I. Network Environment
When establishing a LAN, the company uses Cisco 3662 as the router, and the center switch uses the third-layer function switch of CoreBuilder 3500 of 3Com. In the past, the number of computers in the LAN was relatively small. Recently, due to the expansion of the organization and business, only the computers in one building were connected to the two buildings. The IP address of the original CIDR block has been allocated, and the new computer must be assigned to the new CIDR block separately.
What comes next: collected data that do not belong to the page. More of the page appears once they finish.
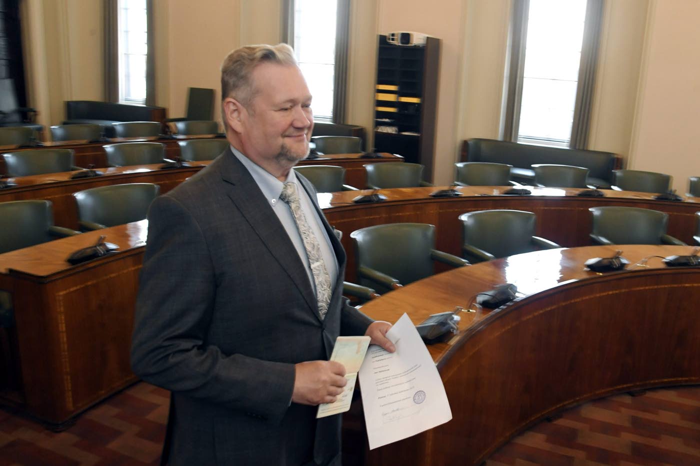 Jari Myllykoski uusi kansanedustajan valtakirjansa kevään ensimmäisissä vaaleissa.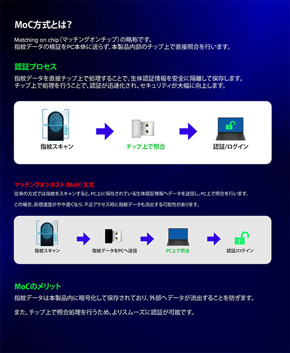 ![]() ![]() ![]() ![]() ![]() ![]() ![]() 【特長】 Windows10 / 11 Hello、Windows Hello For Businessに対応した、外付けUSB指紋認証アダプターです。 MoC方式で製品本体に指紋情報を安全に保存することで、指紋データの漏洩を防ぎ、不正ログインの防止が可能です。生体認証パスキーを用いたクラウドサービスのログインにも対応しています。 業務用のPCや個人でご利用のPCでセキュリティの向上にご利用いただけます。 ※本製品に登録した指紋を削除する際は、指紋を登録したPCでのみ削除が可能となります。 ![]() ![]() ![]() ![]() ![]() ![]() ![]() |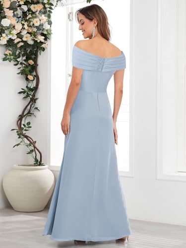 Off Shoulder Mother of The Bride Dresses for Women Long A-line Ruffles Chiffon Ruched Formal Evening Dress 6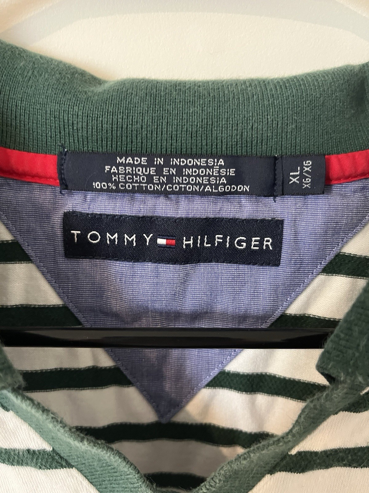 Elevate your casual wardrobe with the classic style of a vintage Tommy Hilfiger men's polo shirt. This time-honored piece features a crisp white and green striped pattern, short sleeves, and a traditional collared neckline with a three-button closure that adds a touch of sophistication. Crafted from 100% cotton, this polo shirt ensures breathable comfort and easy care, making it a versatile addition to your wardrobe for all seasons. The shirt comes in a size XL with a regular fit that's perfect for a relaxed yet polished look. Embroidered with the iconic Tommy Hilfiger logo, it’s a subtle nod to the brand’s premium quality. Whether you're hitting the golf course or enjoying a casual day out, this polo shirt is designed to meet the needs of both performance and style.

However, it is still required that the computer in the new CIDR block can access each other with the computer in the original CIDR block.
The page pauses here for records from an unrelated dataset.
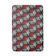 Tapa de baño en un patrón clásico japonés de kimono de grúas estilizadas, dispuestas en un patrón de hexágonos, en rojo profundo, gris claro y mediano, sobre un fondo negro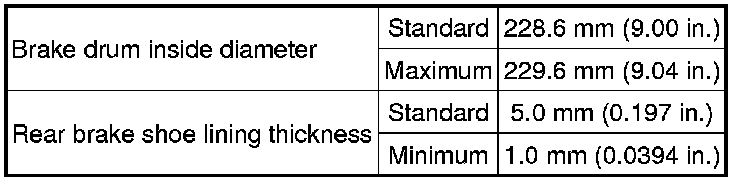 SPECIFICATIONS: BRAKE (REAR): SERVICE DATA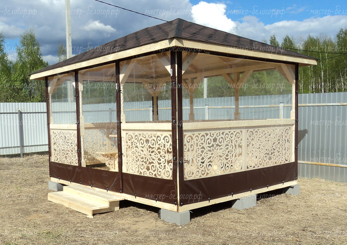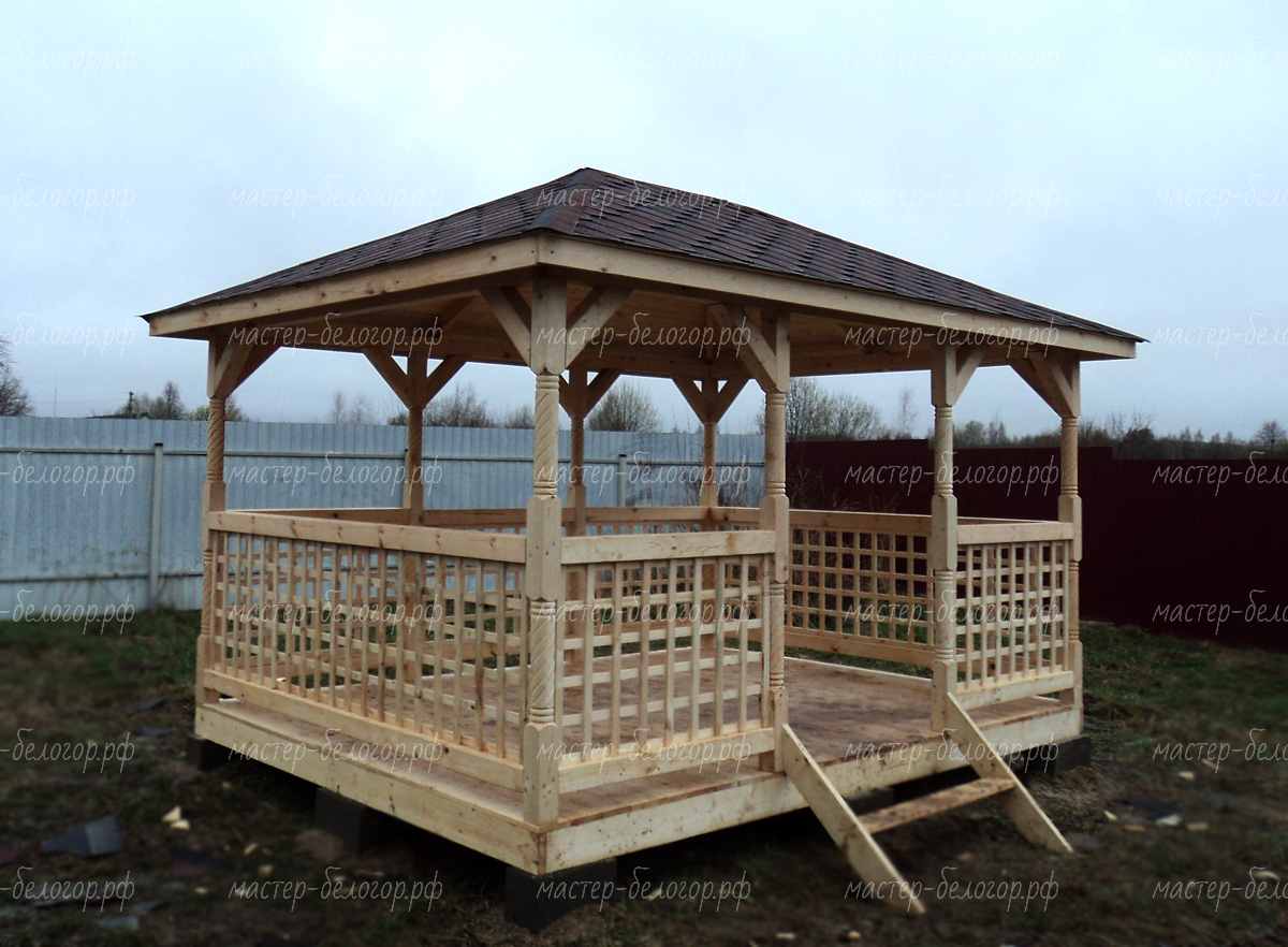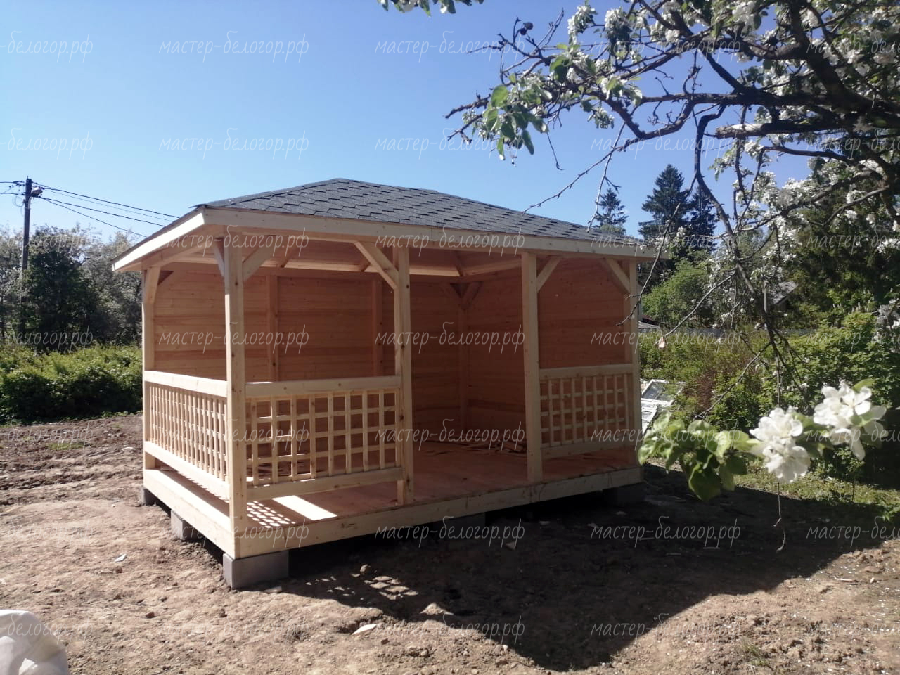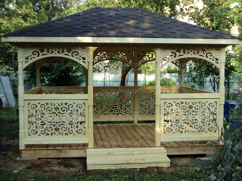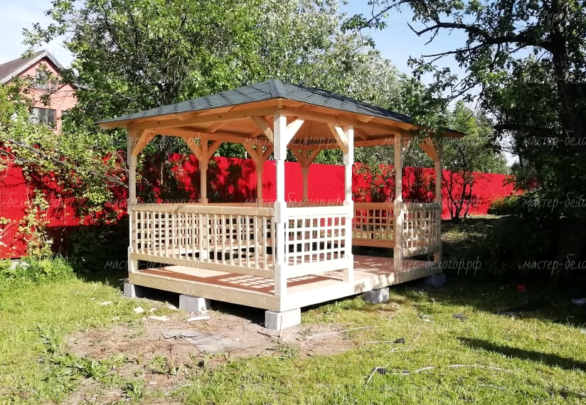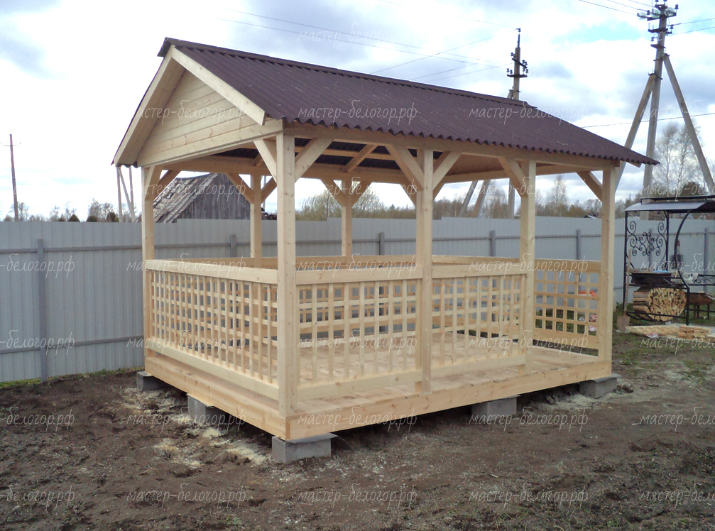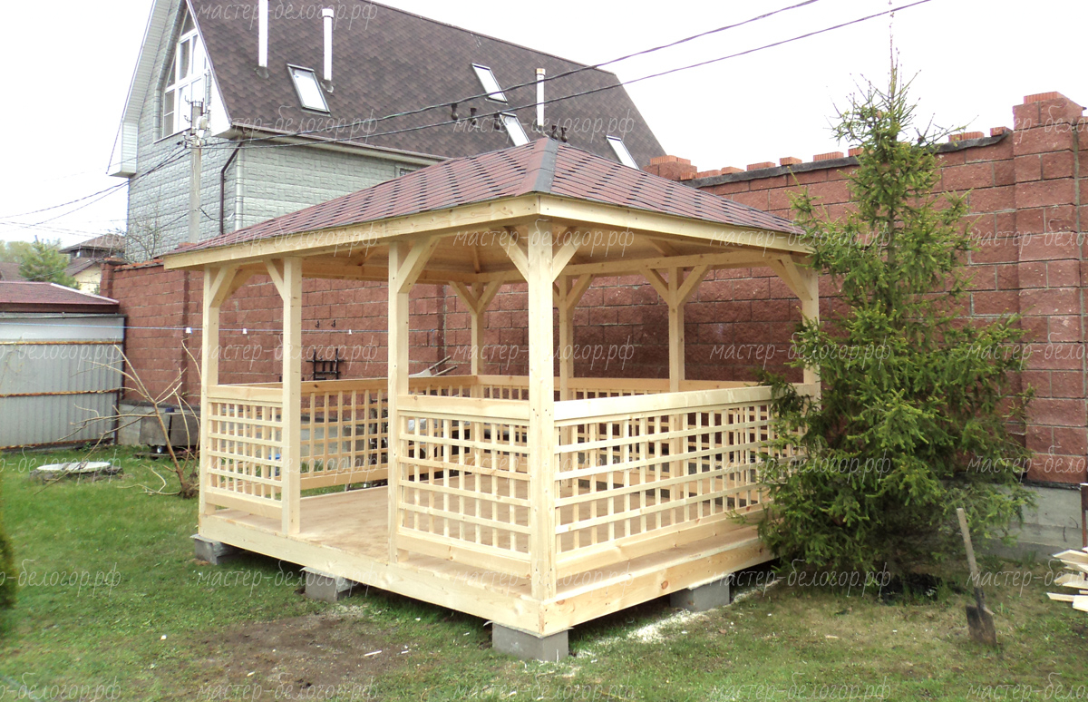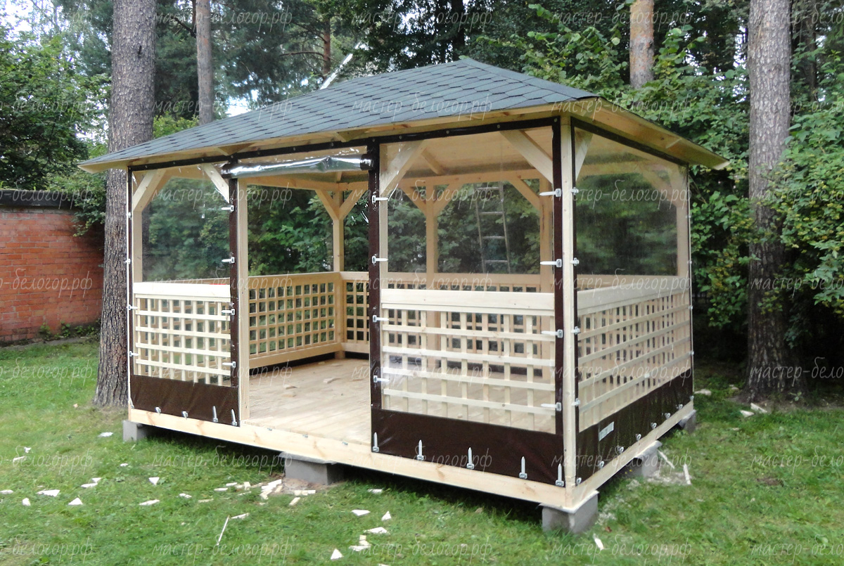Крыша-ондулин,металлопрофиль или мягкая кровля(в зависимости от модели беседки).Цвет на выбор:красный,коричневый,зеленый.

To solve this problem, I think of VLAN technology. A VLAN is composed of devices in different physical LAN segments. Although the devices connected by a VLAN come from different CIDR blocks, they can communicate with each other directly, as if they are in the same CIDR block. The 3Com CoreBuilder 3500 Layer 3 switch used by the Unit supports Layer 3 forwarding, that is, the Cisco 3662 router used by VALN also supports VLAN technology, however, using a vro to implement a VLAN causes latency issues ). Therefore, I use the existing conditions to resize the network. The implementation process is as follows.
Ii. Dividing subnets
There are multiple implementation methods for dividing subnets. I use port-based VLAN Division, which is the simplest way to form a VLAN. In this method, the physical network segments belonging to different switch ports are divided into one VLAN. A VLAN corresponds to a real subset of the switch port. By using the network management software, different ports are allocated to the corresponding group according to the Port ID of the switch Port. All sites allocated to each CIDR Block of the same VLAN are in the same broadcast domain and can communicate directly. The communication between sites of different VLANs requires the support of routing.
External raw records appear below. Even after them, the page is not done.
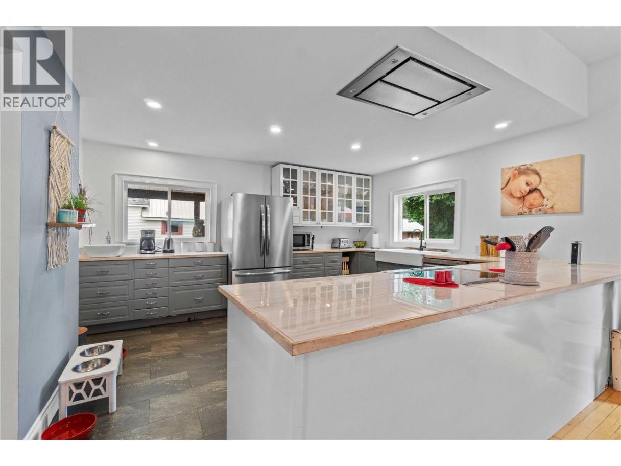 Originally built in 1915 this beautiful iconic home has been extensively renovated in 2018 transforming it into a stunning modern farmhouse while preserving its original charm. Nestled in the heart of Enderby this home is both functional and stylish offering a perfect blend of character and comfort. The interior is spacious with high ceilings, large windows, and open layout that welcomes natural light at every turn. The kitchen is a centerpiece complete with expansive counters, generous cabinetry, and a dedicated coffee bar with its own sink. Making this space ideal for both everyday living and entertaining. The main floor has two generously sized bedrooms and updated bathroom with a large walk-in tiled shower. Upstairs the entire loft has been converted into a stunning primary retreat. The home is exceptionally well-insulated with Ruxol insulation, newer furnace and A/C for year-round comfort. The exterior has been upgraded with durable Hardie siding and a newer roof. The basement remains unfinished but includes a separate entrance, great for a potential suite. The fully fenced yard is ideal for young children or pets. Located within walking distance to schools and amenities this home is perfect for families or anyone looking to enjoy small-town living with modern conveniences. This is truly a one-of-a-kind home in Enderby that needs to be seen to be fully appreciated. Don’t miss your chance to own a piece of history with all the benefits of modern living. (id:6769)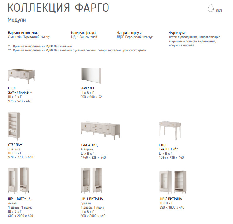 Материал корпуса: ЛДСП Персидский жемчуг, льняной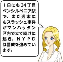 20歳の女は当初、3月31日午後5時過ぎ、頭にスカーフを巻いてレクターストリートに近いブロードウェー65番地の前の歩道を歩いていたところ、見知らぬ男が近づき、女に向かって「テロリスト」と罵った後、いきなり顔面を切りつけ逃走したと警察に話していた。女の左側の顔面には、長さ2インチ(約5センチ)の切り傷があり、駆けつけた救急医療班によりその場で手当てを受けた。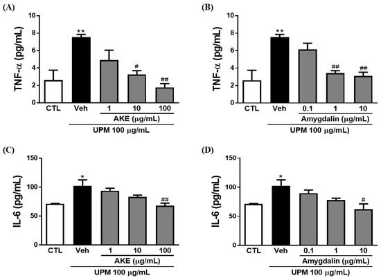 To investigate the effects of AKE and amygdalin on inflammatory factors, including tumor necrosis factor (TNF)-α and interleukin (IL)-6, enzyme-linked immunosorbent assay (ELISA) and quantitative polymerase chain reaction (qPCR) were performed in conjunctival epithelial cells. The release of TNF-α was increased by 100 μg/mL UPM exposure (7.5 ± 1.15 pg/mL). These increments of release were significantly decreased by 10 and 100 μg/mL AKE (3.3 ± 0.44 pg/mL and 1.8 ± 0.44 pg/mL, respectively) and 1 and 10 μg/mL amygdalin (3.4 ± 0.28 pg/mL and 3.1 ± 0.44 pg/mL, respectively) (Figure 6A,B). In addition, mRNA expression of TNF-α was increased by 100 μg/mL UPM exposure (12.6 ± 2.57 fold and 10.3 ± 0.67 fold); this was significantly recovered by 100 μg/mL AKE (3.8 ± 0.37 fold) and 0.1, 1, and 10 μg/mL amygdalin (3.2 ± 0.80 fold, 2.3 ± 1.15 fold, and 0.69 ± 0.32 fold, respectively; Figure 6E,F).

The IP address used by the computer is a class C address, that is, 11.28.177. */24, name this CIDR block as a VLAN-1; the new CIDR block is also a class C address: 11.28.179. */24, CIDR block named VLAN-2.
The 3Com CoreBuilder 3500 switch is loaded with 2 6-port modules, and the 6 ports of the 1st modules and the 1, 2, and 3 Ports of the 2nd modules are allocated to the VLAN-1, the 2nd, 5, and 6 ports of the 4th modules are divided into VLAN-2. For details, see table 1.
| VLAN Division | |||
| VLAN name | Class C address | Port on the vswitch | VLAN interface IP Address |
| VLAN-1 | 11.28.177 .* | 1st module 1 ~ Port 6, module 2nd, 7 ~ Port 9 | 11.28.177.247 |
| VLAN-2 | 11.28.179 .* | 2nd modules 10 ~ Port 12 | 11.28.179.247 |
The Network Structure Topology after expansion is shown in the figure below.
3. Configure vswitches
1. Establish configuration methods
The 3Com CoreBuilder 3500 switch provides multiple configuration methods. I use the Terminal control port provided on the front panel of the switch to configure the switch, and connect one end of the Console line to the Terminal control port of the switch, connect the other end to the serial port of a computer, start the computer to enter Windows 9X or Windows 2000/XP, and start the Super Terminal Program. Note that the serial port attribute is set to: 9600 bits per second, 8 bits, no parity check, 1 Stop bits, and no data flow control.
2. log on to and go to the main menu
When the switch is powered on, the initialization information is displayed, as shown below:
Select access level (read, write, administer ):
You can log on with three types of permissions: Read-only, Write, and Administer. Enter Administer here to log on with the Administrator permission and enter the password to go to the main menu.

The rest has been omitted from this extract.